According to the C++11 standard, what is the output of this program? #include <iostream> int main() { for (int i = 0; i < 3; i++) std::cout << i; for (int i = 0; i < 3; ++i) std::cout << i; }
012012 Whether you post-increment or pre-increment i, its value does not change until after the loop body has executed.
What value gets printed by the program? #include <iostream> int main(int argc, char** argv) { int x; x = 1, 2, 3; std::cout << x << std::endl; return 0; } a- 1 b- 2 c- 3 d- 6 3- undefined
1- correct description: The operands to the comma operator are evaluated from left to right. The value of the left hand expression is discarded. The type and value of the result are the type type and value of the right hand operand. Note: assignment takes precedence over the comma operator, so in this case x=1 is evaluated first; than x, 2, 3
Which of the following is not the member of class? 1. Friend function 2. Virtual function 3. Static function 4. Const function
1.
Which of the following is not a type of constructor? 1. Friend constructor 2. Copy constructor 3. Default constructor 4. Parameterized constructor
1. Friend Constructor
Which of the following cannot be friend? 1. Object 2. Operator function 3. Class 4. Function
1.Object
What is the output of the program? #include <iostream> struct A { virtual int foo(int x = 5) { return x * 2; } }; struct B : public A { int foo(int x = 10) { return x * 3; } }; int main(int argc, char** argv) { A* a = new B; std::cout << a->foo() << std::endl; return 0; } a- 10 b- 15 c- 20 d- 30 e- ill-formed
15 - correct description: The method B::foo is called but with the default argument of 5 from A::foo. "A virtual function call uses the default arguments in the declaration of the virtual function determined by the static type of the pointer or reference denoting the object.
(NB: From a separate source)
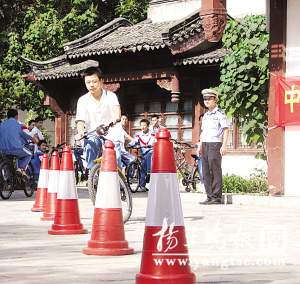 昨天下午2点,南京交警六大队率先启动了今年新学期中学生自行车“驾照”骑车考试,十二中初中二年级两个班共有100名学生“尝鲜”,结果绕桩考试中仅有4人不合格,其中3人是男生,笔试成绩则有待阅卷。在欣慰考试过关率高的同时,现场监考的交警也发现了一个潜在危险,那就是不少学生的车辆存在安全隐患。

An overriding function in a derived class does not acquire default arguments from the function it overrides."
Which of the following correctly describes overloading of functions? 1. Virtual polymorphism 2. Ad-hoc polymorphism 3. Pseudo polymorphism 4. Transient polymorphism
2. Ad-Hoc polymorphism
Which of the following concepts means adding new components to a program as it runs? 1. Dynamic typing 2. Dynamic loading 3. Dynamic binding 4. Data hiding
2.Dynamic Loading
According to the C++ standard which of the following declarations for the "main" function are valid? 1 int main(int argc, char** argv) 2 int main(char** argv, int argc) 3 int main() 4 inline int main(int argc, char* argv[]) 5 int main(char* argv[], int argc) 6 void main() 7 int main(int argc, char* argv[]) 8 static int main() 9 int main(int argc, char* argv[], char* options[]) 1, 6, 9 3, 4, 5, 7 1, 4, 8 3, 7, 9 - correct 3, 6
3, 7, 9 - correct description: According to section 3.6.1 pg2, main must return an int, and must have either no parameters or (int argc ,char* argv[]) as its first set of parameters. And in section 3.6.1 pg3: A program that declares main to be inline or static is ill-formed.
Which of the following statement is correct? 1. A constructor is called at the time of use of an object. 2. A constructor is called at the time of declaration of a class. 3. A constructor is called at the time of declaration of an object 4. A constructor is called at the time of use of a class.
3.
Which of the following concept of oops allows compiler to insert arguments in a function call if it is not specified? 1. Call by reference 2. Call by pointer 3. Default arguments 4. Call by value
3. Default arguments
Which of the following statements is correct? 1. Pointer to base class cannot be created. 2. Pointer to derived class cannot be created. 3. Derived class pointer cannot point to base class. 4. Base class pointer cannot point to derived class.
3. Derived class pointer cannot point to base class.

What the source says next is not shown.